Il y a eu une Pull Request avec une discussion sur l’utilisation de la configuration moderne. Le soucis majeur c’est qu’un certain nombre d’équipements ne peuvent pas être mis à jour (smartphone) et ont besoin de ces protocoles et ciphers pour fonctionner.
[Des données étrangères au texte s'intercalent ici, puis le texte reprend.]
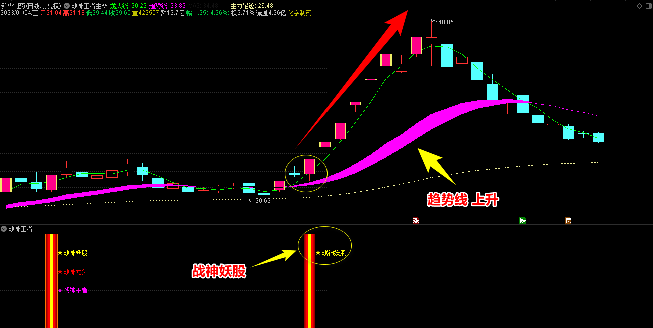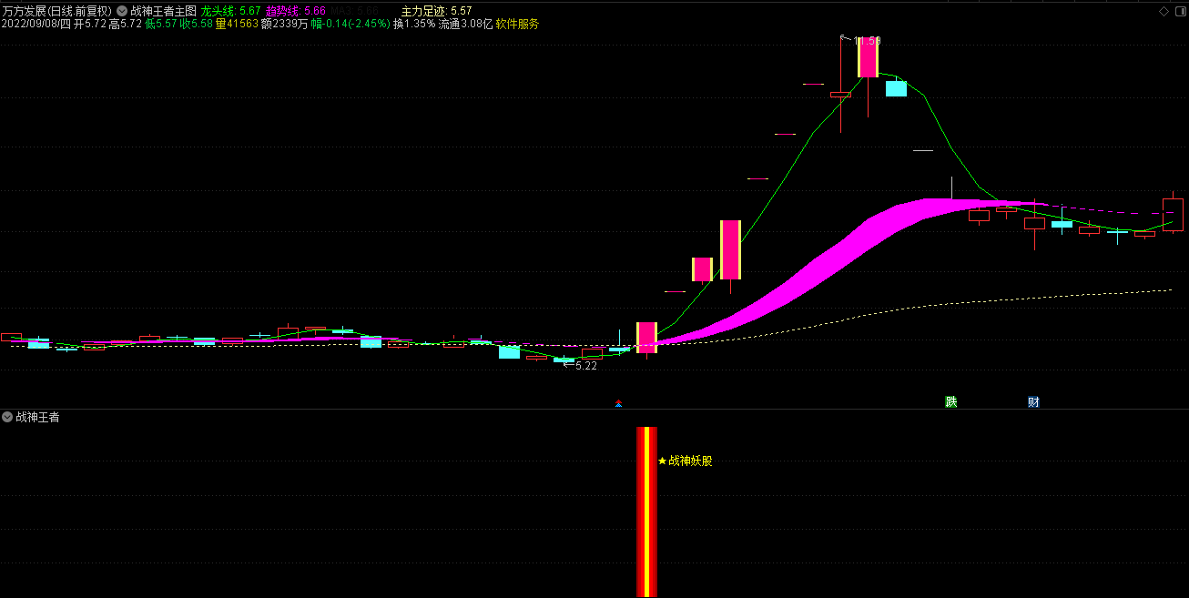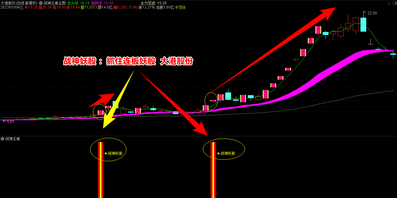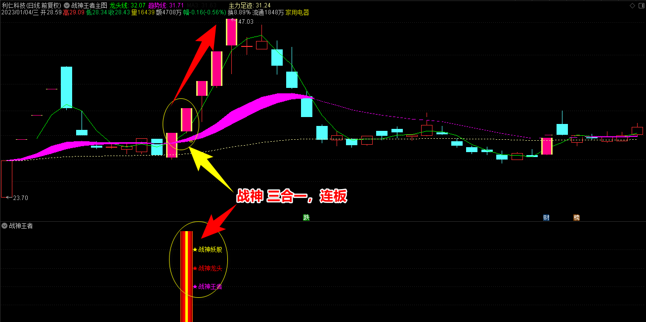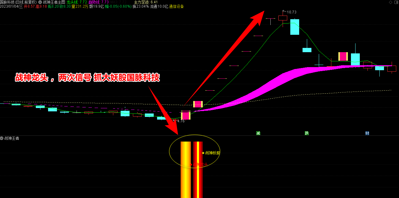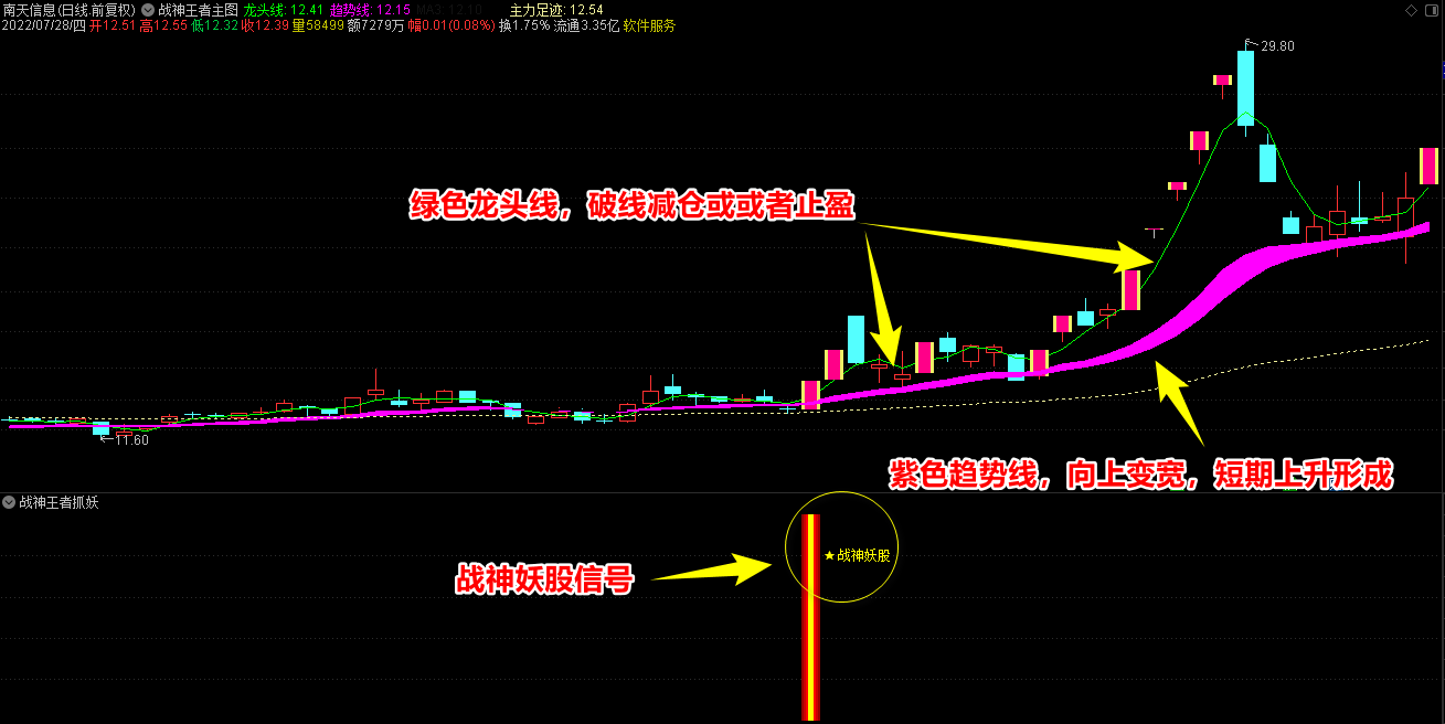 2.战神王者副图指标包含战神妖股、龙头、王者三合一信号和单个信号提示,三合一为共振最强信号;
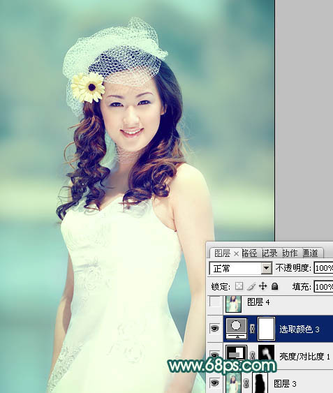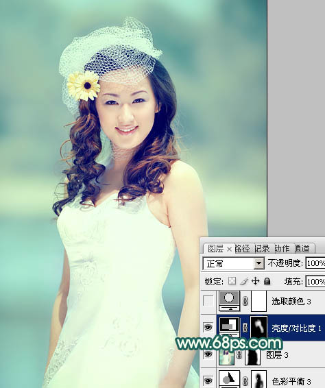 Photoshop调出河边人物图片甜美的黄青色(8)

YunoHost ne connaissant pas les équipements des utilisateurs YunoHost ni ceux de leurs visiteurs, on a opté pour la version intermédiaire.

Dans la même version un système de settings a été conçu, afin de pouvoir proposer dans une version future à ceux qui le souhaite de passer à la configuration moderne. On en est resté là depuis la 2.6 .

Pour faire ce que tu souhaites (si tu as bien réfléchis à cette question d’accessibilité avec les équipements de tes visiteurs

Tu peux lancer:

sed -i s/TLSv1 TLSv1\.1 TLSv1\.2/TLSv1.2/ /etc/nginx/conf.d/*.conf
service nginx reload

Mais la mise à jour des confs nginx ne se fera plus automatiquement, tu devras fusionner à la main.